Consider function $L^p(X)$ and $L^q(X)$ space with $p<q$ where $X$ is a finite measure space. Then from Holder, I have $L^q(X)$ embedding into $L^p(X)$. In particular, if $\|f\|_q<\infty$, then $\|f\|_p<\infty$. In particular, $L_q\subset L_p$
Now consider $BV_p([0,1],\Bbb R)$ with where $BV_p([0,1],\Bbb R)$ is space of functions from $[0,1]$ to $\Bbb R$ s.t. p-th variation of any function is finite. Note p-th variation requires taking over sup over partition and denote p-th variation as $v_p(f)$. Then one could show for $1<p<q$, if $v_p(f)<\infty$, then $v_q(f)<\infty$. In particular, $BV_q([0,1],\Bbb R)\subset BV_p([0,1],\Bbb R)$
Q: It seems that in bounded variation case, the embedding is in the same direction. What leads to this same direction inclusion? I am looking for intuitive explanation for inclusion. The proof in bounded variation case does not use Holder inequality. However, p-th variation looks very much like p-norm in $L_p$ space. That is why I would hope the inclusion follows the same direction.

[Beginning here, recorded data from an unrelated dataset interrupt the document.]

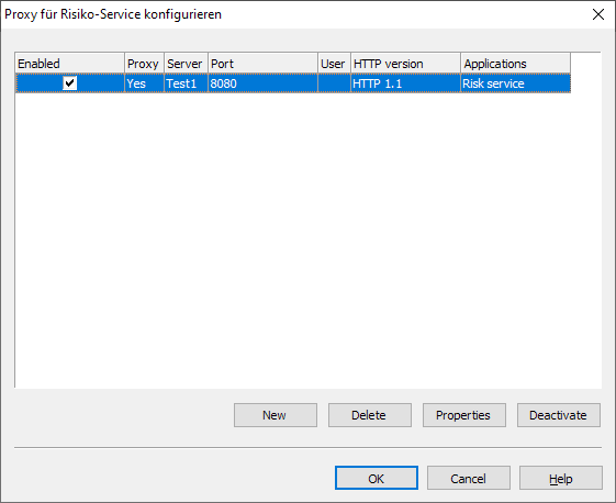 Details on the individual functions in the "Configure proxy for risk service" dialog box:
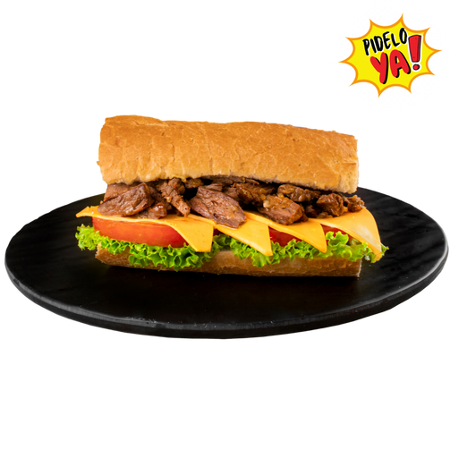 Pan Baguette, Lomo a la plancha, Queso cheddar, Tomate, Lechuga, Salsa de la casa.
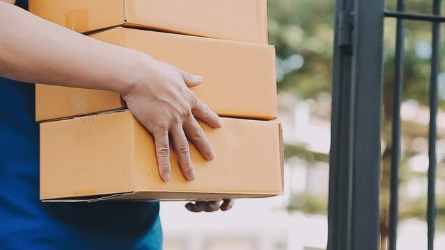 Excited Young Black African Couple receive cardboard boxes with products purchased online from delivery man, through local postal shipping and delivery parcel service.
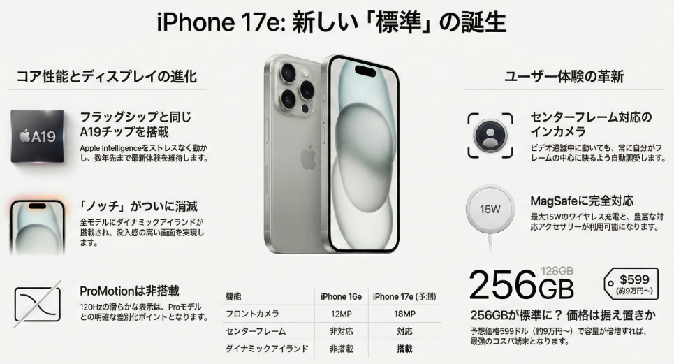 2026年が幕を開けた今、私たちの関心は「最も賢い選択肢」と目される次なる一手、iPhone 17eへと向けられています。高価なProモデルを横目に、「自分にはこれで十分じゃないか?」という期待と、安さゆえの妥協への不安が入り混じる時期。
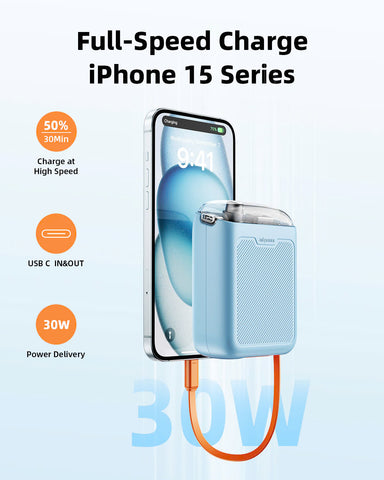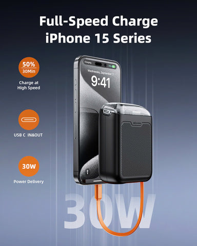 Two-Way Charging Power Bank, Built-in Retractable Cables, Dual Device Charging, Travel Essential Phone Power Bank
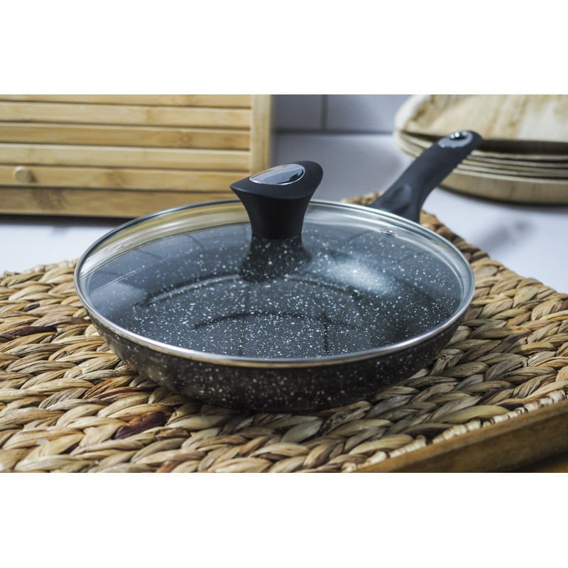 Тиган с капак Klausberg KB 7037, 20 см, Мраморно покритие, Мека дръжка, Индукция, Черен
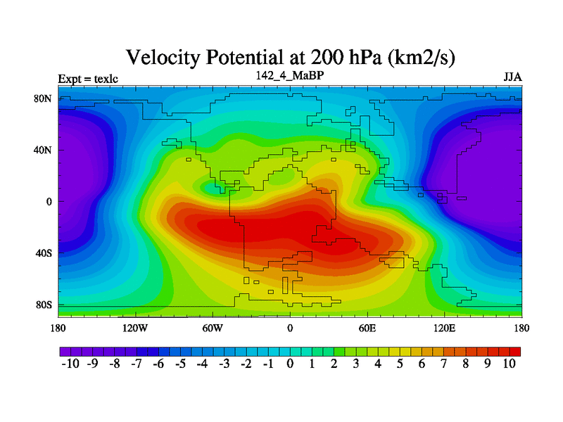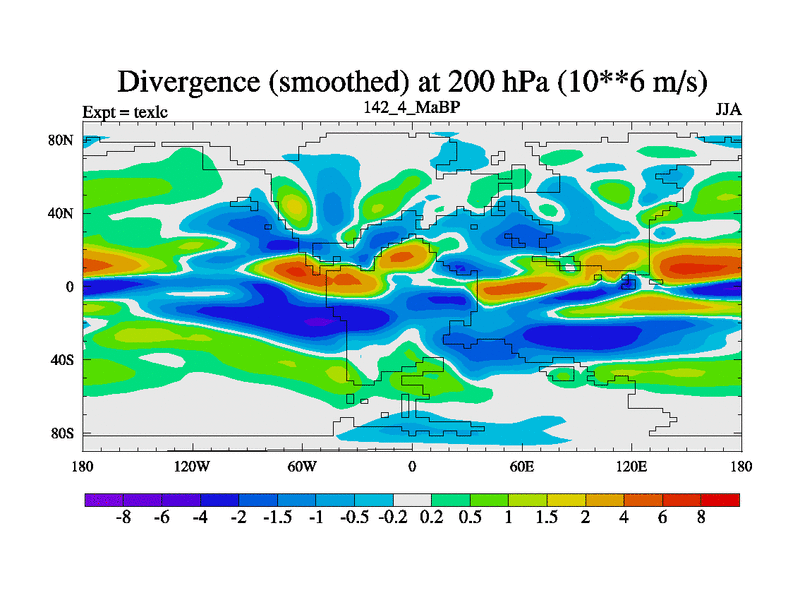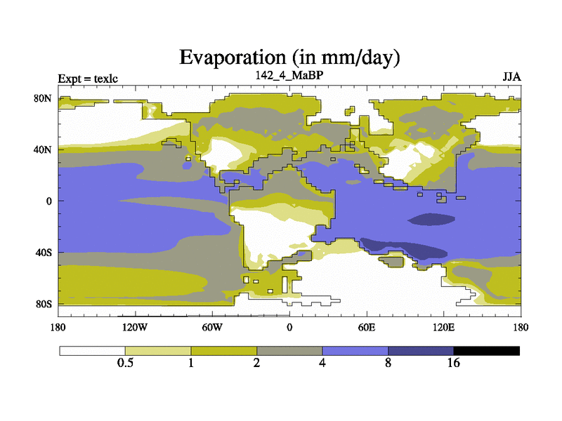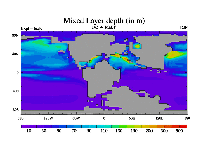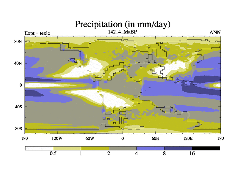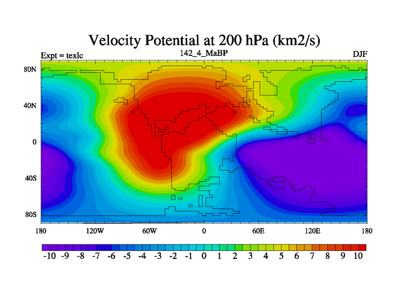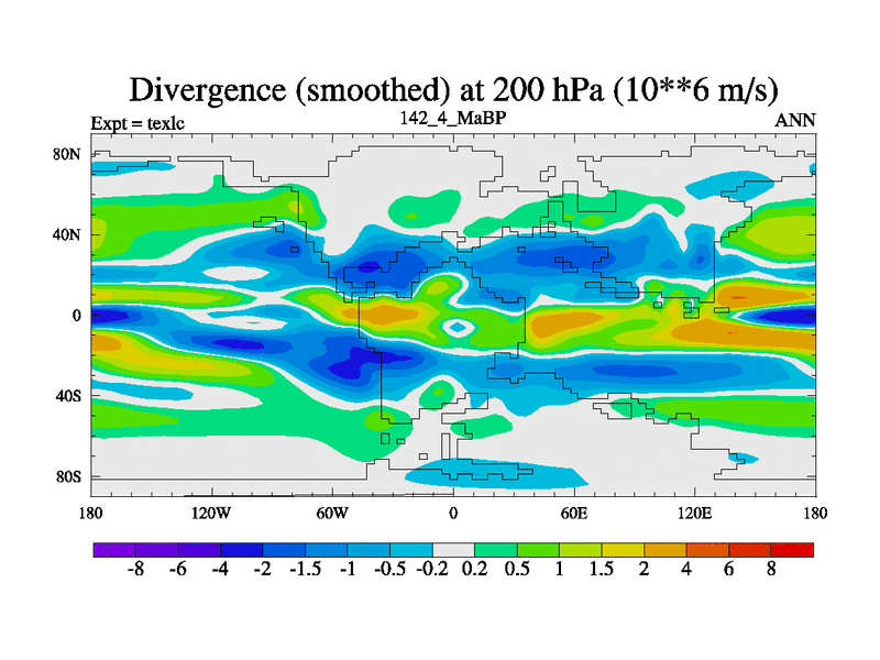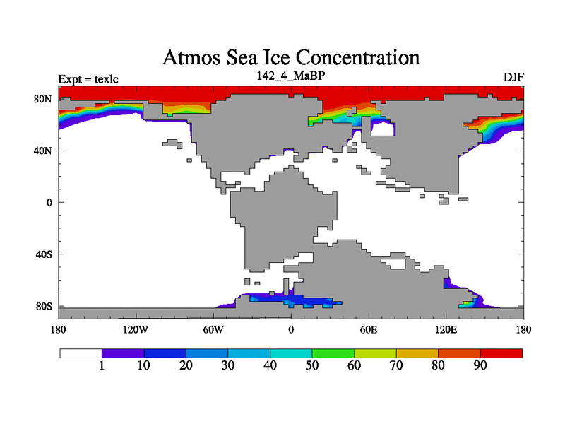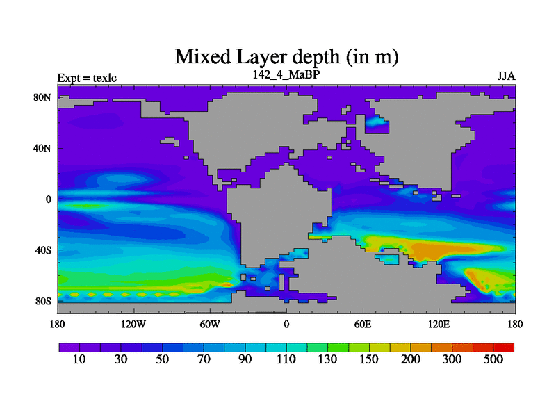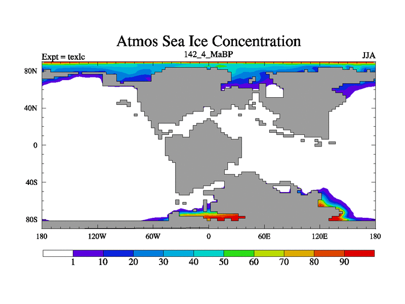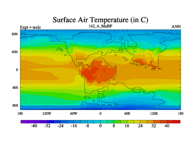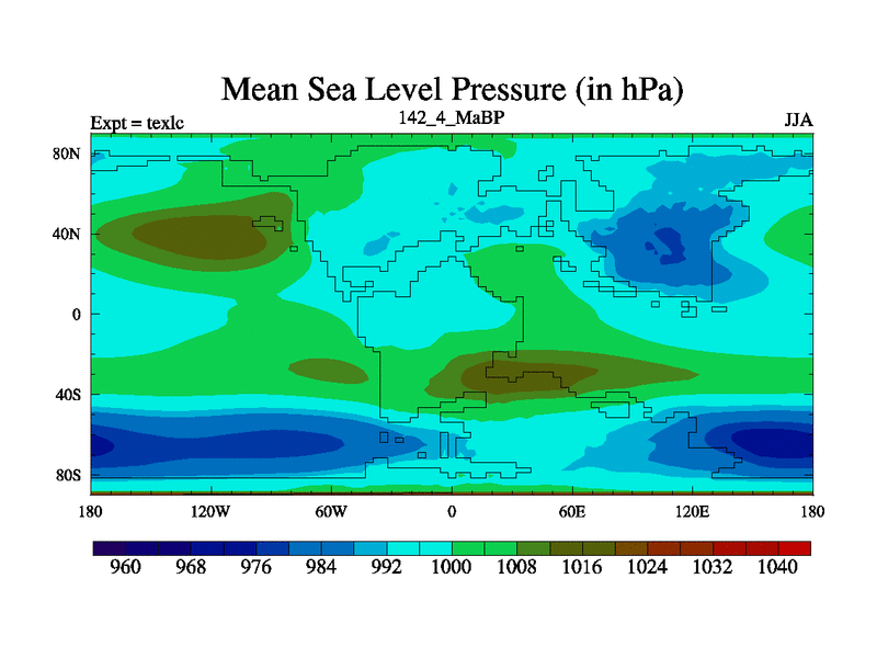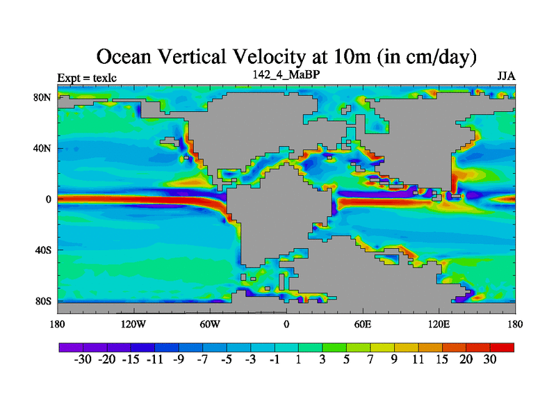 This is the 142.4 Ma simulation using the Scotese palaeogeographies. High output extension of the 5000 year spinup.
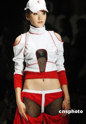 11月11日,第三屆中國(guó)運(yùn)動(dòng)裝備設(shè)計(jì)大賽在中國(guó)國(guó)際時(shí)裝周2009春夏系列發(fā)布上舉行。圖為模特展示第三屆中國(guó)運(yùn)動(dòng)裝備設(shè)計(jì)大賽作品。中新社發(fā) 錢興強(qiáng) 攝
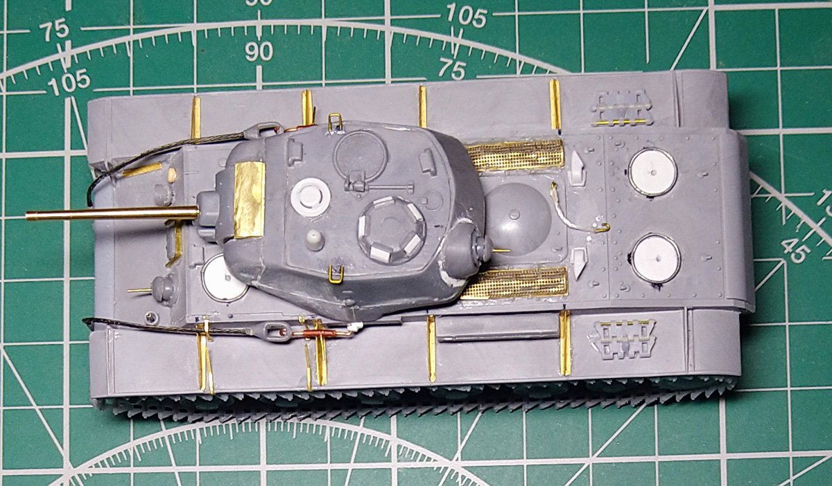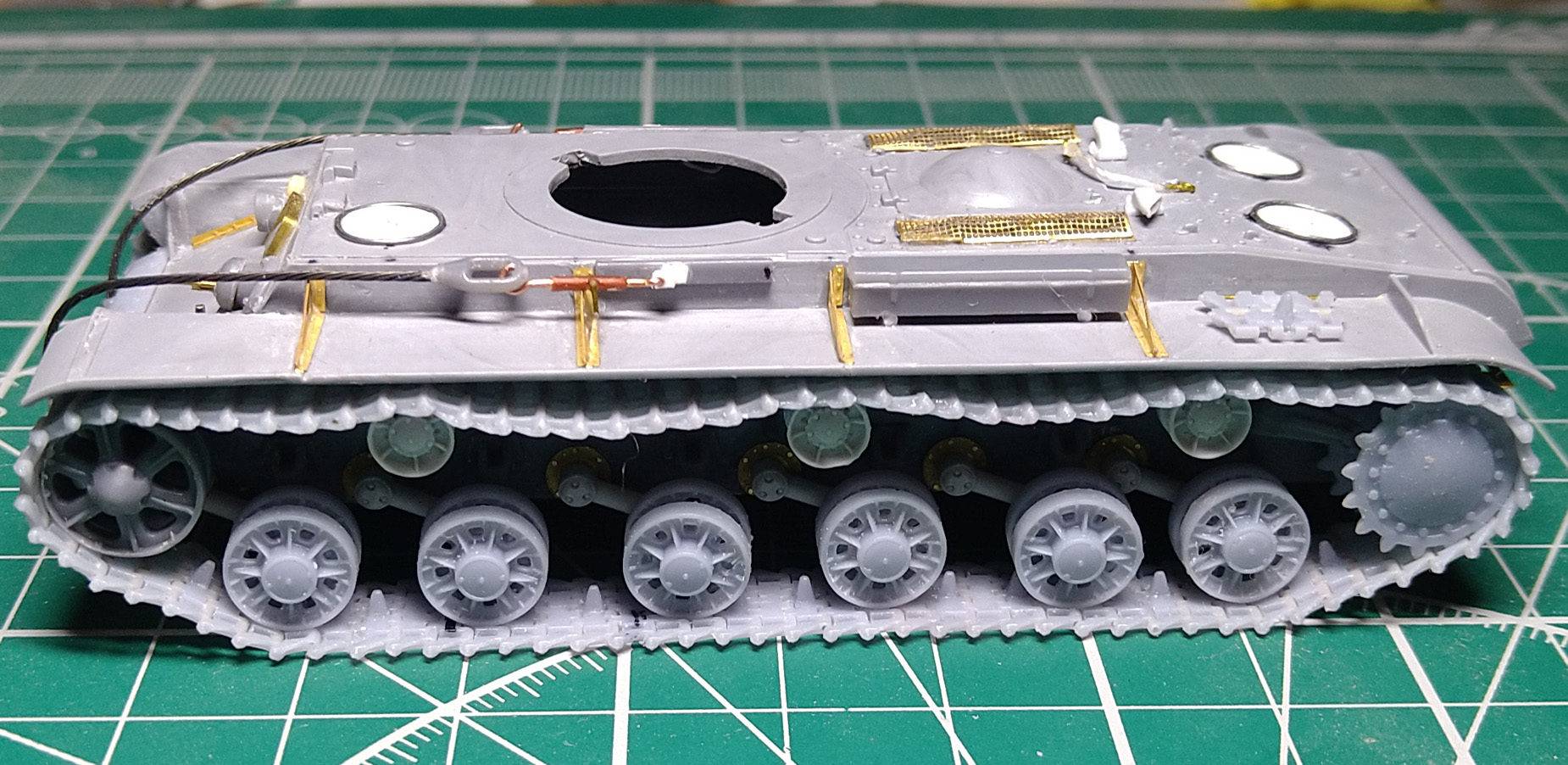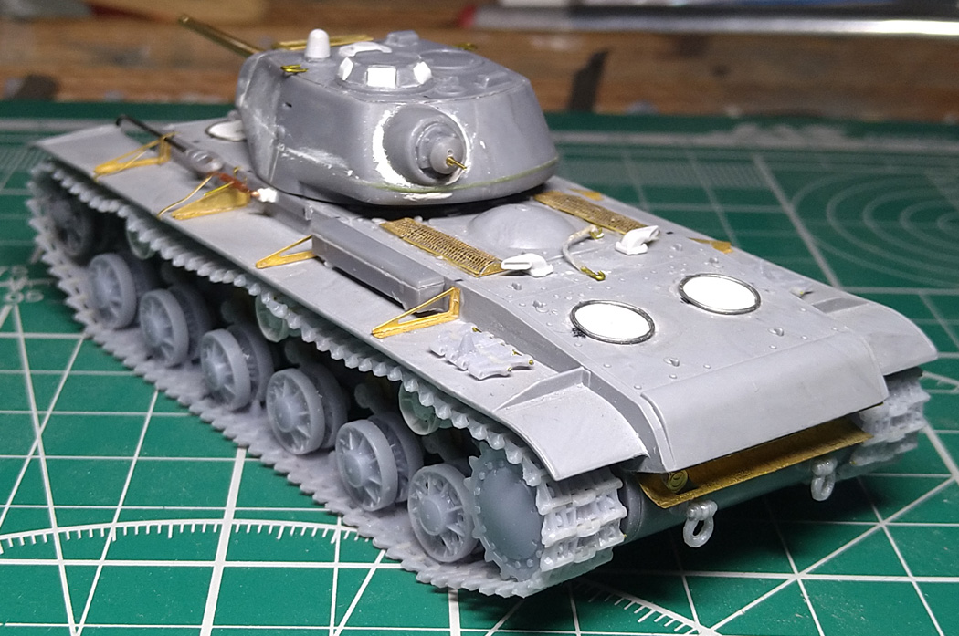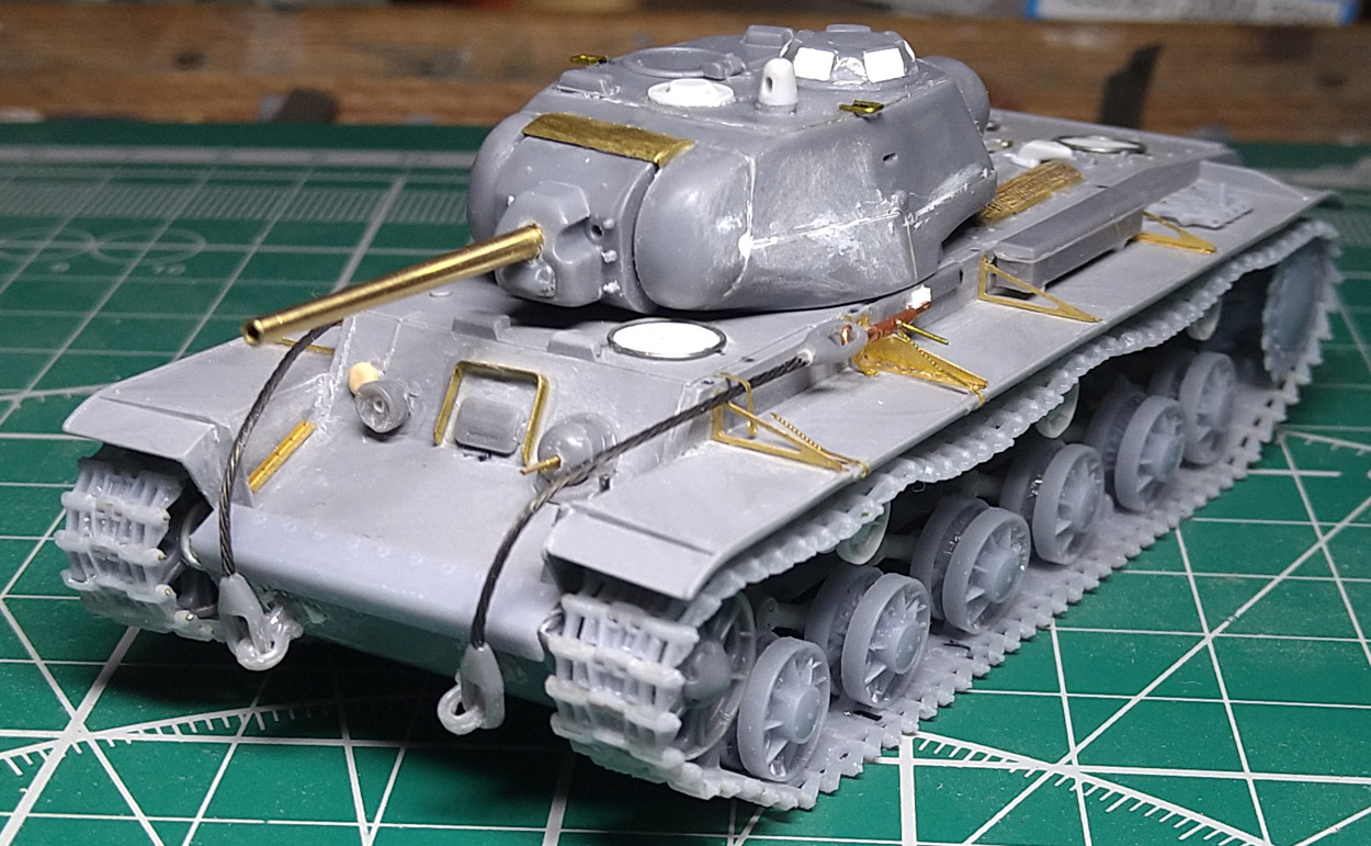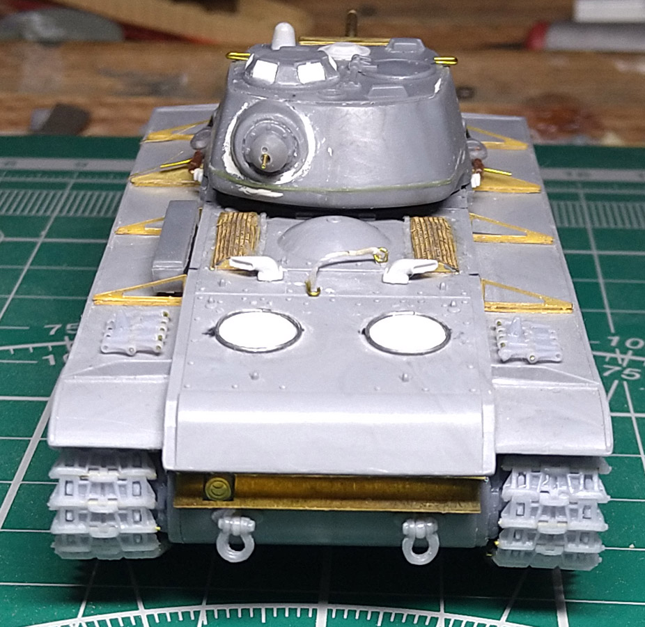 Заменил ресничку на лобовом листе. При внимательном изучении фото пришел к выводу, что ранее сделал ресничку, которая была у поздних серий. У ранних КВ-1с была "п"- образная. Склеил половинки корпуса. Наклеил травленые решетки на надмоторном листе. Результат понравился, буду делать такие же на КВ 1940 и 1942 гг.

This comes from the fact that the $v_p$ norm is defined via $\ell_p$-norms, that is, norms on finite dimensional vectors of the form $\left(f\left(t_i\right)-f\left(t_{i-1}\right)\right)_{i=1}^n$, where $0=t_0<t_1<\dots<t_n\leqslant 1$. Therefore, one has $$ \left(\sum_{i=1}^n \left\lvert f\left(t_i\right)-f\left(t_{i-1}\right)\right\vert^p \right)^{1/p}\leqslant \left(\sum_{i=1}^n \left\lvert f\left(t_i\right)-f\left(t_{i-1}\right)\right\vert^q \right)^{1/q} $$ and since $$ \left(\sum_{i=1}^n \left\lvert f\left(t_i\right)-f\left(t_{i-1}\right)\right\vert^q \right)^{1/q}\leqslant v_q(f), $$ one has for each partition $0=t_0<t_1<\dots<t_n\leqslant 1$ that $$ \left(\sum_{i=1}^n \left\lvert f\left(t_i\right)-f\left(t_{i-1}\right)\right\vert^p \right)^{1/p}\leqslant v_q(f) $$ hence $v_p(f)\leqslant v_q(f)$.